In a report released on Tuesday, Akamai says it spotted DDoS attacks leveraging the CLDAP protocol for the first time, and attacks using this protocol have the potential to incur serious damage, based on the opinion of its experts.
While both protocols work on port 389, LDAP works via TCP, while CLDAP, as its name implies — Connection-less Lightweight Directory Access Protocol — works via UDP.
According to Akamai, during October 2016, the company started detecting DDoS attacks carried out via an unfamiliar protocol, which was CLDAP. This was happening at the same time when DDoS mitigation firm Corero announced it also discovered DDoS attacks leveraging LDAP.
According to the Akamai report released this week, both protocols appear to have been used in similar manners, which was for amplified DDoS reflection attacks.
These types of attacks happen when an attacker sends an LDAP or CLDAP request to a LDAP server with a spoofed sender IP address (the victim's IP).
Based on the attacker's LDAP/CLDAP query, the server responds with its own data, which it inserts into the response packet. Because the attacker used IP spoofing, this unsolicitated & bulked-up response is sent to the target's IP, causing the DDoS attack, as the victim's machine can't process massive amounts of LDAP/CLDAP data at the same time.
This is the reflection part of the attack. The amplification part, or the amplification factor is the number of times a packet is enlarged while processed by the LDAP server.
For both the LDAP and CLDAP protocols, this amplification factor is quite substantial. Normally, other protocols susceptible to amplified reflection DDoS attacks have an amplification factor of around 10, meaning a packet of 1 byte is bounced off the vulnerable server and amplified to 10 bytes.
According to Corero, for LDAP, the amplification factor is 46, on average, and up to 55 at peak conditions.
CLDAP attacks are slightly more powerful, with an amplification factor of 56, on average, and 70 at peak conditions.
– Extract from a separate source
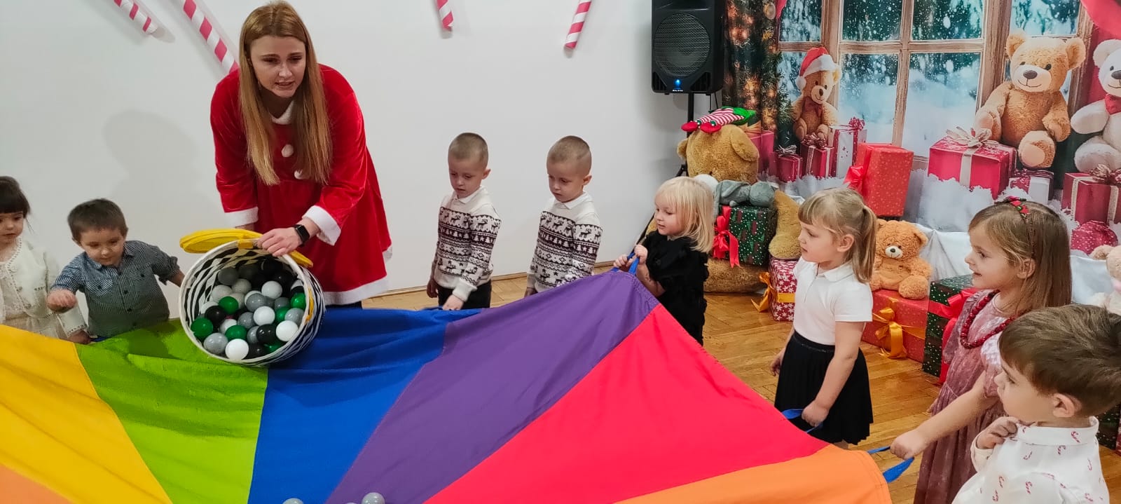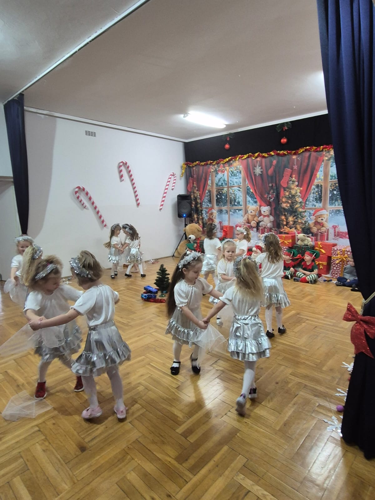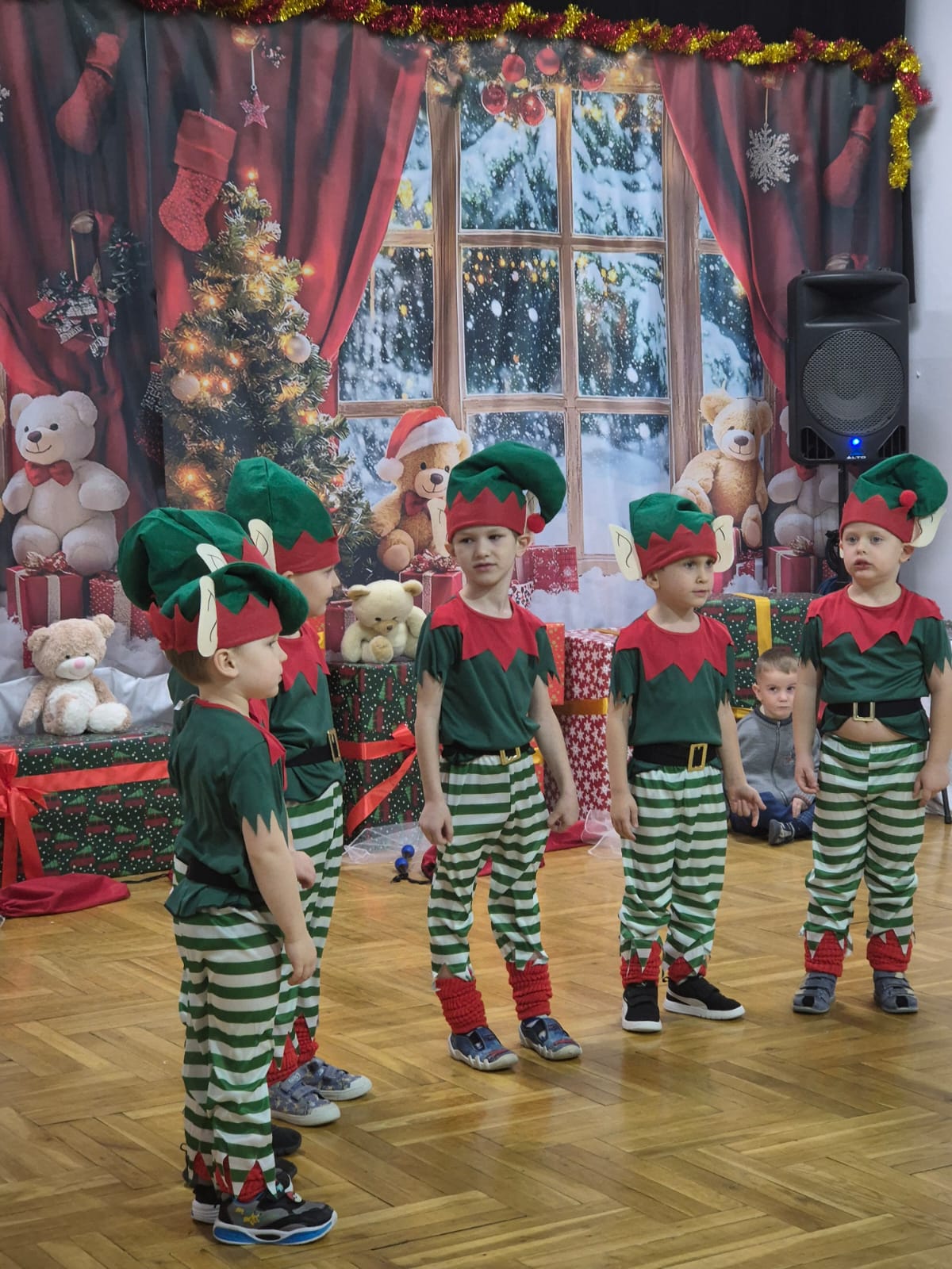 Jak co roku o tej porze... tak właśnie nadeszła długo wyczekiwana chwila - spotkanie z Mikołajem i prezenty. Ale na początek zaprosiliśmy naszych bliskich i prezentowaliśmy się na scenie z repertuarem świątecznym. Były tańce, wiersze, piosenki, (z mamami) kolędy a nawet inscenizacja zimowo-świąteczna. Na scenie wystąpili bałwan, choinka, Mikołaj, Elfy oraz Śnieżynki. Naszym popisom przyglądł się uważnie Mikołaj. Na koniec wręczył nam prezenty, pogłaskał po głowie, przybił piątkę. Nikt nie dostał rózgi. Chyba same grzeczne dzieci w naszym przedszkolu.

Akamai says that since October 14, 2016, when the first CLDAP-based DDoS attack was seen, there have been 50 attacks in total, coming from 7,629 unique CLDAP reflectors (LDAP servers with port 389 exposed to the Internet).
The biggest of this was of 24 Gbps, more than enough to bring down a website, which usually falls around 1 Gbps.
The vast majority of these attacks, 33, were single vector attacks, meaning 100% pure CLDAP requests, with no other protocols involved. This is uncommon, as most DDoS attacks use multiple protocols in order to avoid DDoS protection systems.
The low number of CLDAP attacks detected during the last six months, and the high percentage of pure CLDAP DDoS attacks lends us to believe that a threat actor was testing CLDAP's feasibility for DDoS attacks.
With amplification factors going as high as 55 and 70, LDAP and CLDAP stand to become very popular with DDoS-for-hire services. Currently, there are 250,000 devices with port 389 exposed to the Internet, according to Shodan.
In the past two years, security researchers have discovered other protocols susceptible to amplified DDoS reflection attacks, such as NetBIOS, RPC, Sentinel, DNSSEC, and TFTP. Generally, UDP-based protocols are susceptible to these types of attacks.